Hi I have found out that if a horse is scared of something take them up to it several times to show them the the "big bad monster" won't hurt them just do it in short times and make it longer and longer I think a horse learns best when you make them confront and face their fear and they see there is nothing to fear (almost like a kid) and try to be confident in all you do your horse can feel you get nervous horses and sense your feelings especially when your on top of them when you get scared the horse gets scared and also 99% of the things that you see out there will not hurt you I'v ridden in traffic before and I know in Texas horses has the right of way but don't get in the middle and be a road hog thats a good way to get some people mad at ya hahah just check the laws in your state because the nature of horses alot of places horses has right of way so keep that in mind and be very confident in what you are doing and you should be ok!!!! oo and if you have to just ride your horse to the side of the road and sit there and watch traffic go by it's fun watching people stare at you just sitting there and you may even get a couple of waves oo one time I was on the side of a busy road on a horse and i tried to cross a bridge and the horse didn't want to cross the bridge so she turned around real quick and somebody got really close to us and it scared the horse but the horse didn't bolt (people here doesn't know how to get over) so just keep calm and all should be ok


----------



## gottatrot (Jan 9, 2011)

For some reason you are imagining your horse spooking into a car.

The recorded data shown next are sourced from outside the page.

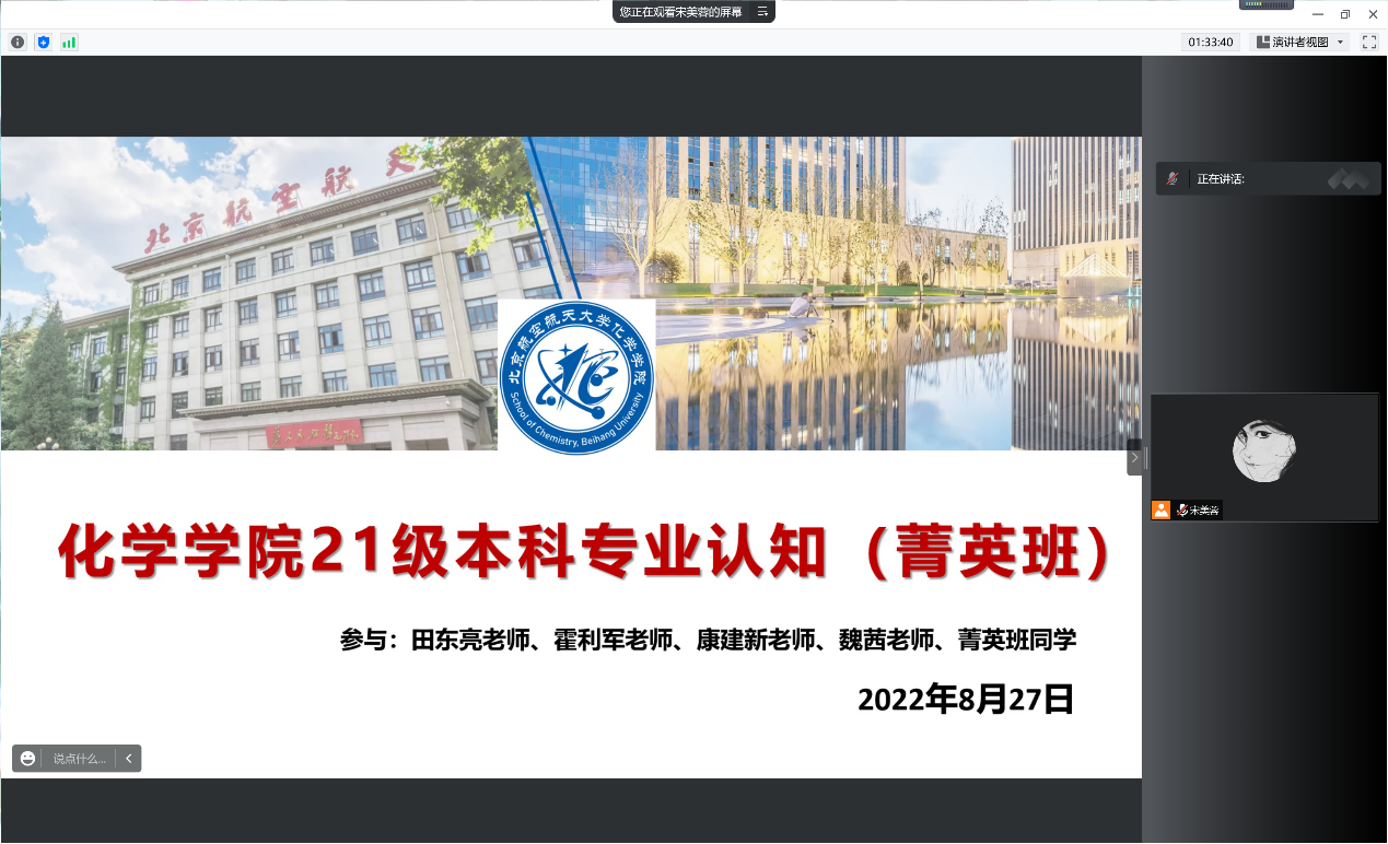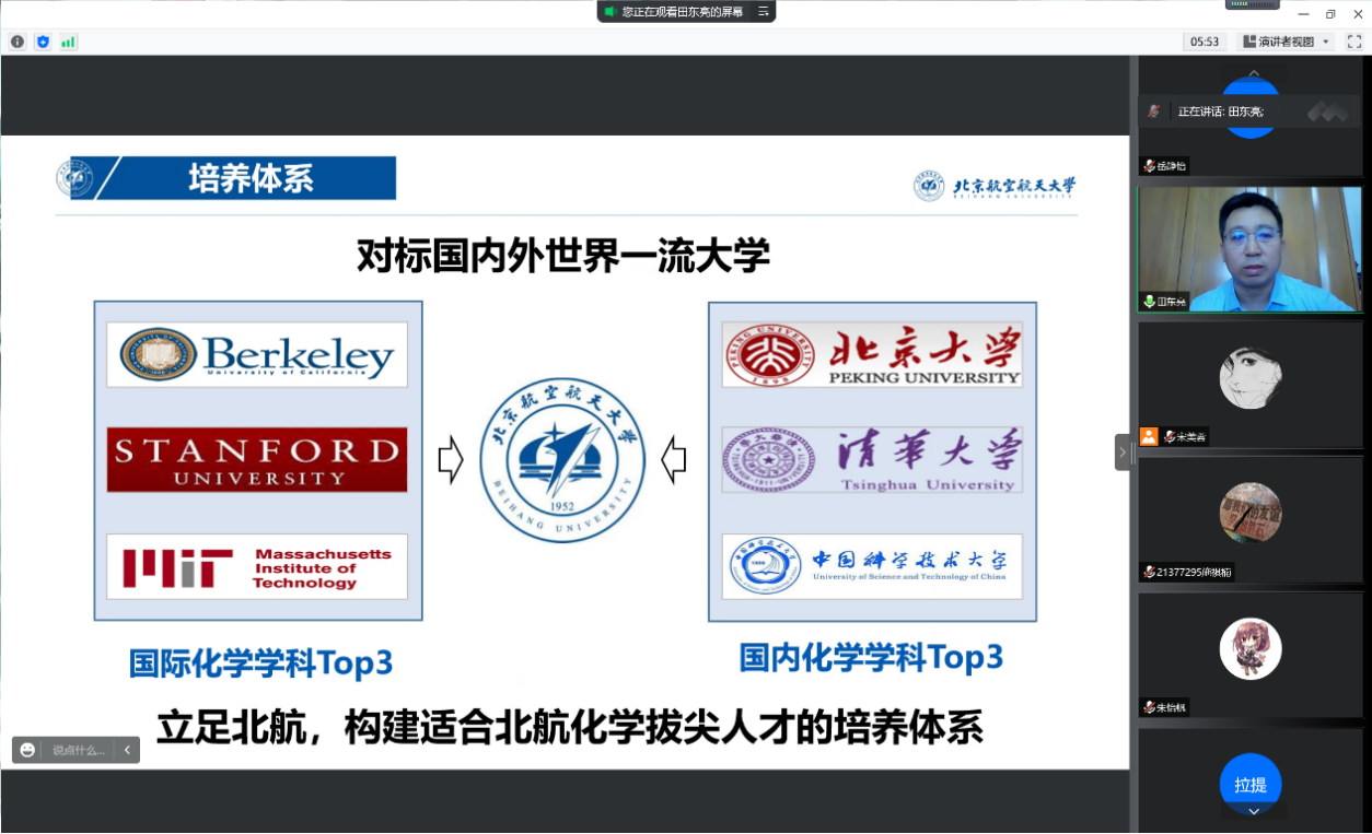 8月28日,德赢AC米兰中国官方网站2021级菁英班开展系列专业认知教育活动。上午9:00,专业认知大会以腾讯会议的形式召开。本科教学副院长田东亮老师、化学生物学专业负责人霍利军老师、应用化学系康建新老师、院团委书记魏茜老师与菁英班全体同学参加了此次会议。
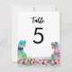 Esta divertida novia y novio de T-Rex en un boda prehistórico de flores silvestres con temática de dinosaurio encantará a sus huéspedes y les traerá el dino divertido a su boda. Facilite a sus huéspedes bodas la posibilidad de encontrar su lugar al estilo boda Jurassic dinosaur. Simplemente agregue el número de tabla para cada tabla utilizando las plantillas simples para crear un gráfico de números de tabla de doble cara. Colorido Tyrannosaurus rex y pradera de flores silvestres color de agua en tonos verde azul violeta rosa naranja borgoña y verde azulado. Pintura original de la artista Catherine Sweetman
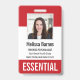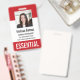 Identifier le personnel, les employés et les travailleurs essentiels avec ces badges de modèle photo personnalisés. Personnalisez ces badges verticaux avec une photo et un nom d'employé, ainsi que plusieurs champs de texte personnalisés pour le titre ou le rôle, le nom de l'entreprise, le numéro d'identification de l'employé ou la date de validité. "ESSENTIEL" ou le texte souhaité apparaît en bas, en caractères blancs gras pour faciliter l'identification. Customisez avec un code à barres sur le dos si nécessaire, avec des informations de retour ou d'autres détails.
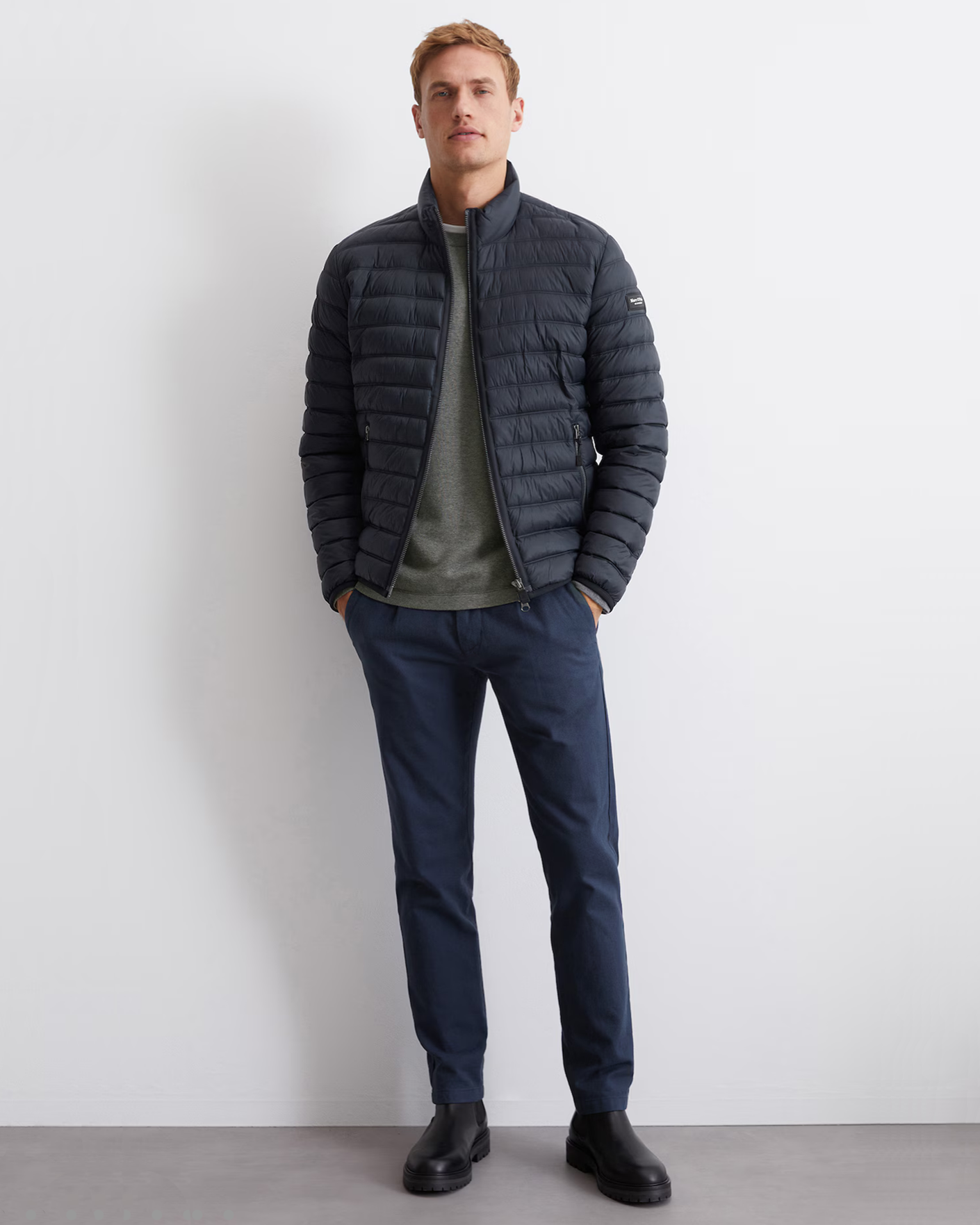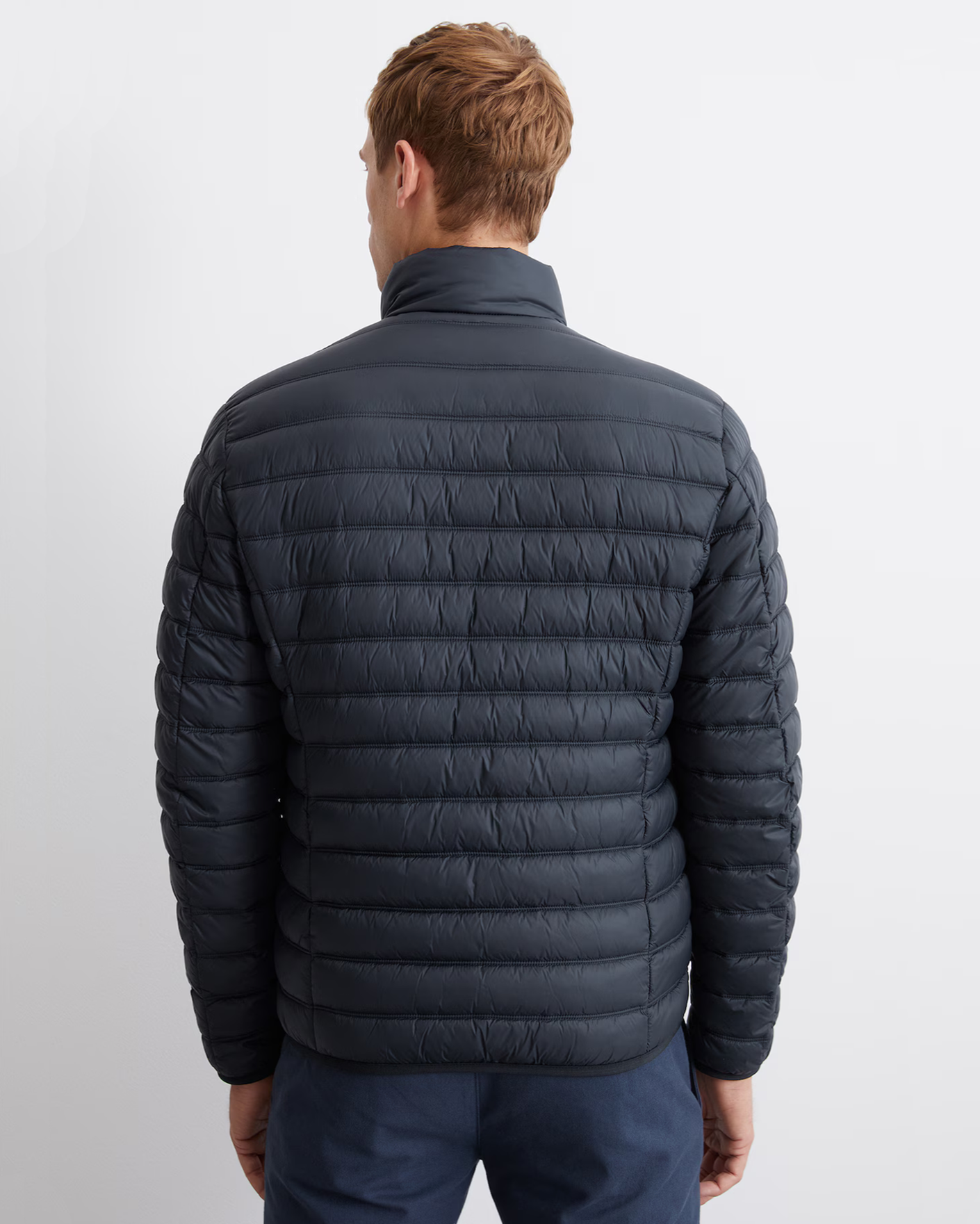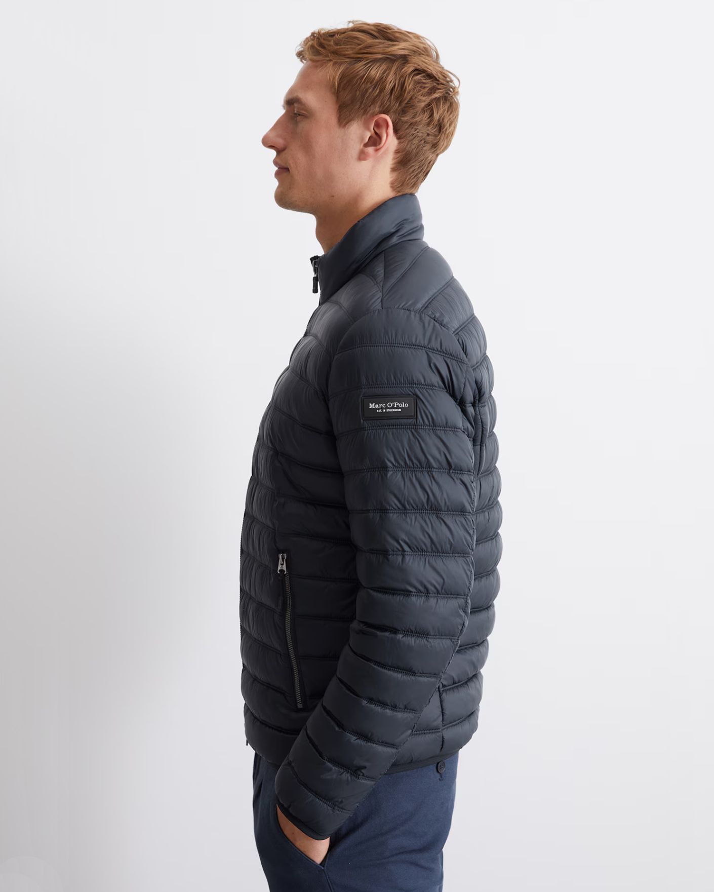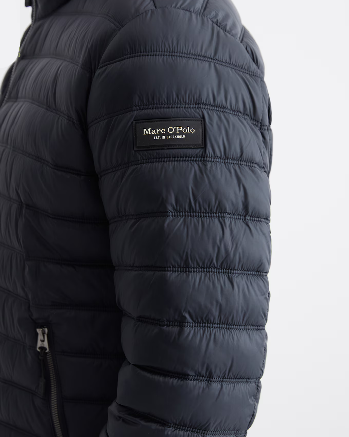 Утепленная куртка Marc O'Polo темно-синего цвета в горизонтальную полосу. Модель с воротником-стойка, застежка и боковые карманы на молнии. Куртка - универсальная вещь повседневного гардероба.
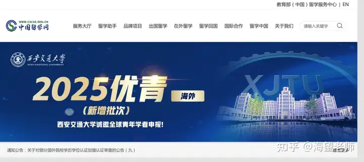 第一步:通过浏览器搜索 “教育部留学服务中心”,打开官方网站;
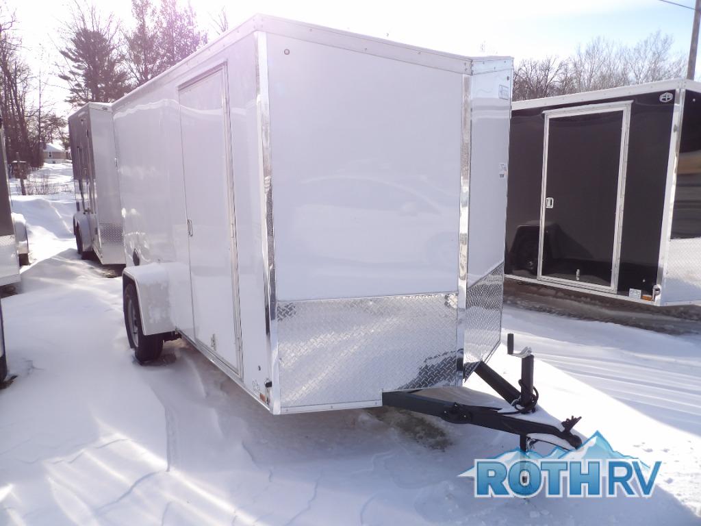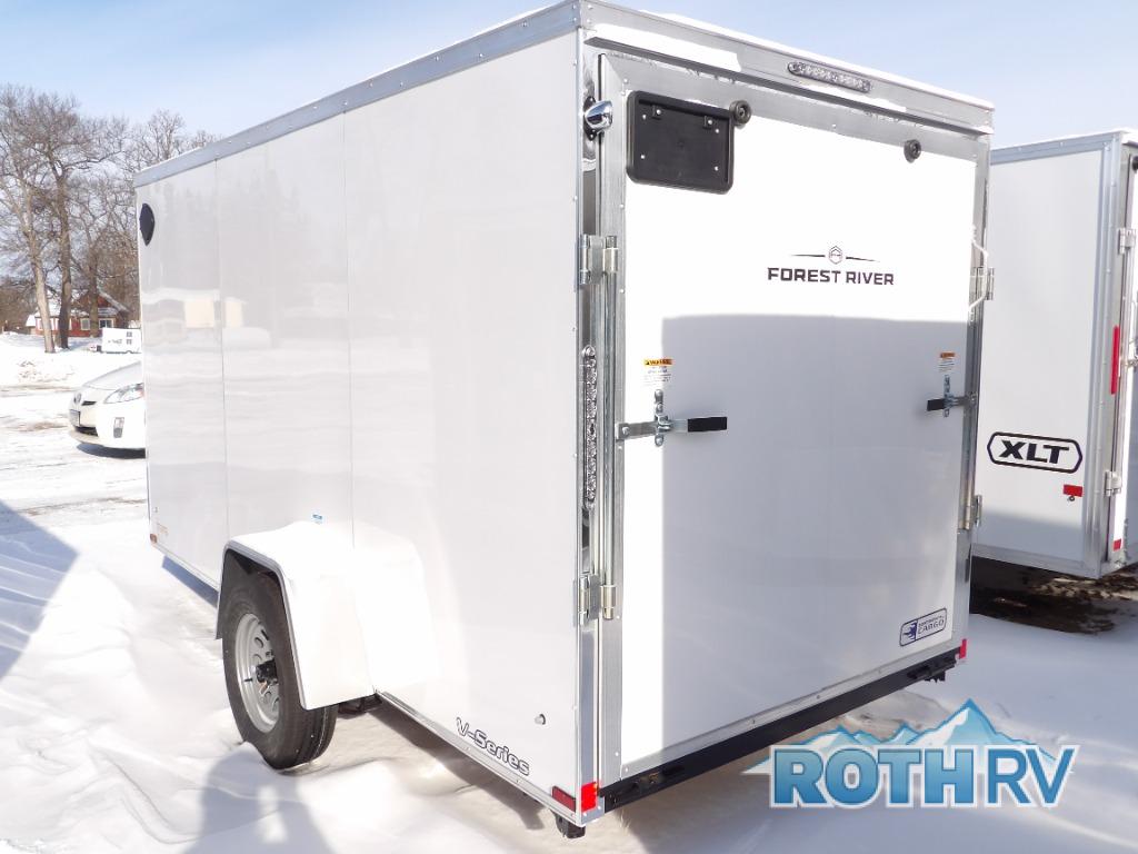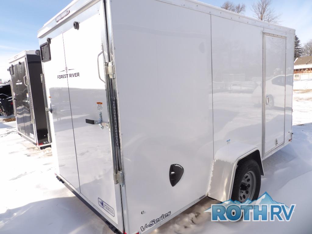 Come choose a V-Series cargo trailer which offers better aerodynamics plus a bit more storage in each model. These models range in size from a 4x6 single axle all the way to an 8x20 tandem axle. Each model features exterior aluminum fenders, a galvanized roof, and a Z-coated undercoated frame so you know you're getting a cargo trailer that will last years. You can also customize your trailer with one of the many full-color decals. These cargo trailers were built so you can travel anytime of day with the Clear Lens LED clearance lights and the LED strip tail lights. With plenty of packages to choose from you can easily customize your trailer to your specific hauling needs!
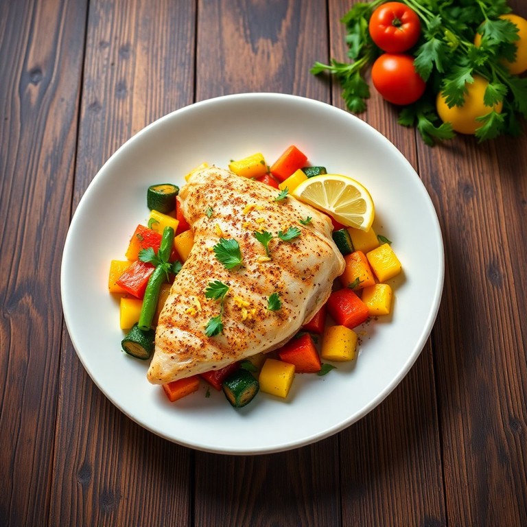 Deze kruidige kipfilet is snel en eenvoudig te bereiden, perfect voor een doordeweekse maaltijd. De marinade geeft de kip een heerlijke smaak, terwijl de seizoensgroenten zorgen voor een frisse en kleurrijke presentatie.
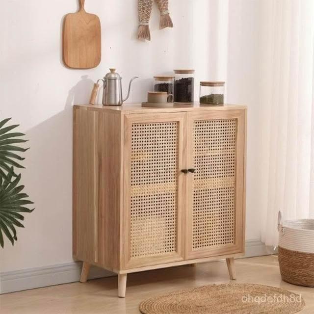 日式 藤編收納櫃 餐廳櫃 客廳收納櫃 侘寂風櫃子耐重置物櫃 餐邊櫃 茶水櫃 藤編櫃 侘寂風櫃子
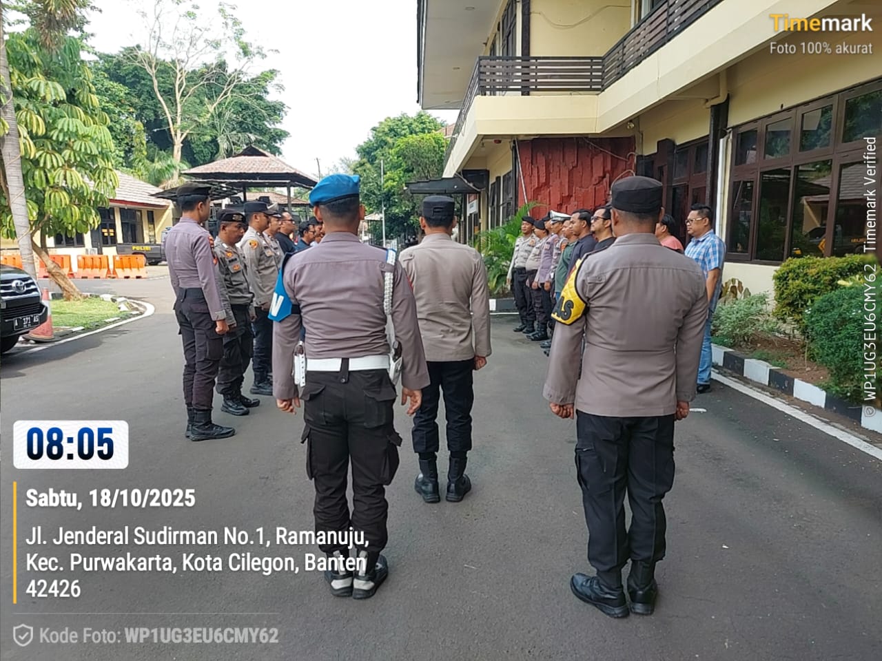 Cilegon, personel Satreskrim Polres Cilegon Polda Banten melaksanakan piket di penjagaan pintu masuk Polres Cilegon Polda Banten untuk memastikan mako Polres Cilegon dalam keadaan aman dan nyaman dalam melayani Masyarakat tanpa adanya gangguan kejahatan. Sabtu (18/10/2025).
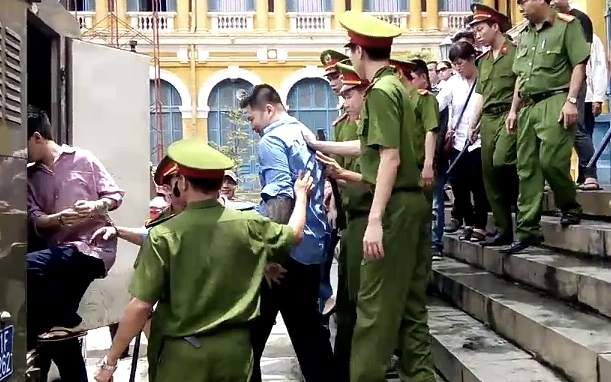 Bị cáo Phương (áo xanh) được công an áp giải lên xe về trại giam
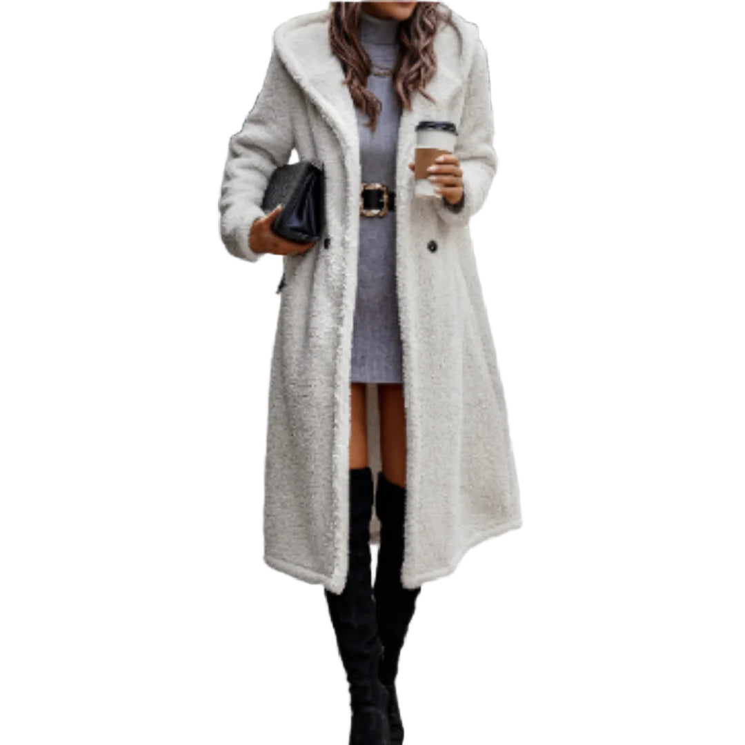 Damen Wintermantel Lang mit Kapuze und Knopfverschluss

Logically you should realize that horses spook AWAY from what they are afraid of. The only time I've heard of a horse spooking toward traffic was when a horse that was not afraid of cars was frightened by a scary bag on the side of the road. 
The only time I am worried about a horse spooking when cars go by is if there is a barbed wire fence right by the road or the road has a sharp cliff drop-off on one side. Because if a car scares a horse the horse is going to run away from the car. If you think about this logically, it might ease your fears. If you decide to ride along the road, plan where you will go if the horse panics. You could say to yourself: there's a good place for my horse to trot off away from the road if the car makes him want to move away. Then try to get to these "safe" zones when you hear cars coming. 
If you feel your horse is getting nervous, just jump off! It only takes a second and then if your horse spooks a little you can tell him it's OK and let him settle before getting back on. If you're leading and your horse is nervous, just circle him around your body as the car goes by. There's almost always enough room on a shoulder to do a little circle. Circles do wonders for high-headed, nervous horses. Don't try to make him stand still, just let him move until he calms down.


----------